Quote:
Originally Posted by tankmjg24
High School Varsity game. R1 attempts to steal second and is tagged out on a very close play. He slid head first to the back side of the bag and was tagged right on the hand as he was arriving at the base. Upon me signaling an out he gets up on his knees and outstretches his arms and says "Are you kidding me" followed by a "that's bullsh*t". I eject him at this point. The player begins asking what he did wrong and that he was talking to the shortstop and not me. His comments were loud enough that I could easily hear them and in no doubt directed towards me in my opinion. The first base coach who is the assistant wants an explanation. I begin to explain to him and before I can the head coach has come over from the third base box. I was starting to get somewhat double teamed so I backed off the assistant at this point and only spoke to the head coach. I explained to the head coach my reasoning and all he kept saying was that his player was not talking to me but the shortstop as they play on the same travel team and are good friends and that I was too quick to eject and should have gave a warning. Things eventually simmer down and the game continues.

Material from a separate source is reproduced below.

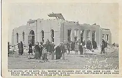 Nueve escuelas en tres estados fueron destruidas, en las que murieron 69 estudiantes. Más escuelas fueron destruidas y más estudiantes murieron (así como el récord de una sola escuela de 33 muertes en De Soto, Illinois) que en cualquier otro evento de tornado en la historia de Estados Unidos.[27] Contando los que regresaban a casa de las escuelas y los que murieron en las escuelas, la cifra fue de 72 estudiantes.[28] Aproximadamente un tercio de las víctimas del tornado eran niños.[29]

Fast-forward an inning and in between innings the head coach comes back over to me as he wants to explain the whole story as he says. He starts with that I was too quick on the ejection and that the shortstop said bull**** first because even he thought the runner was safe. I told him we were not going to discuss it and his reply was that if I was going to have rabbit ears that I should at least be able to hear the other team too. I again tell him that we are not going to discuss it further and he goes back to his dugout saying that he just wanted me to know the entire story.
So now that story time is over, I have four questions. 1st, do you all thing that I was too quick to eject and should have instead gave a warning? 2nd, would you have ignored the assistant coach and waited on the head coach or would you have tried to explain as I did. 3rd, when the coach came out in between innings would you have ejected him for his comments or how would you have handled the situation. 4th, when explaining to the coach what his player said, would you have used the actual phrase? The two things I was taught to never do was curse or be out of uniform. I repeated what the player said as to me this was the easiest way to explain.
Thoughts and thanks.
|
Like Dash said, good EJ on the runner, and you should have sent the water boy, er, assistant coach back to his little box, as he had no business approaching you about a judgment call. I differ from Dash, and side with Mr. Umpire, in that the coach returned to "tell you the whole story" (my a$$) and then made some crap up to try to cover his mouthy player's a$$. That would have at the least put him on the short list for leaving. Then, he called you rabbit ears, at which time he should have been sent packing. He is saying that you shouldn't hear a clearly audible remark directed in your general direction. That's not rabbit ears, that's called listening. Rabbit ears is when you react to general grousing and dugout banter and let it affect you, not when you are being cursed. Since when do these punk high school kids get away with swearing? I would have been ejected when I played, and then my dad would have beat my a$$ good when I got home. Kids nowadays.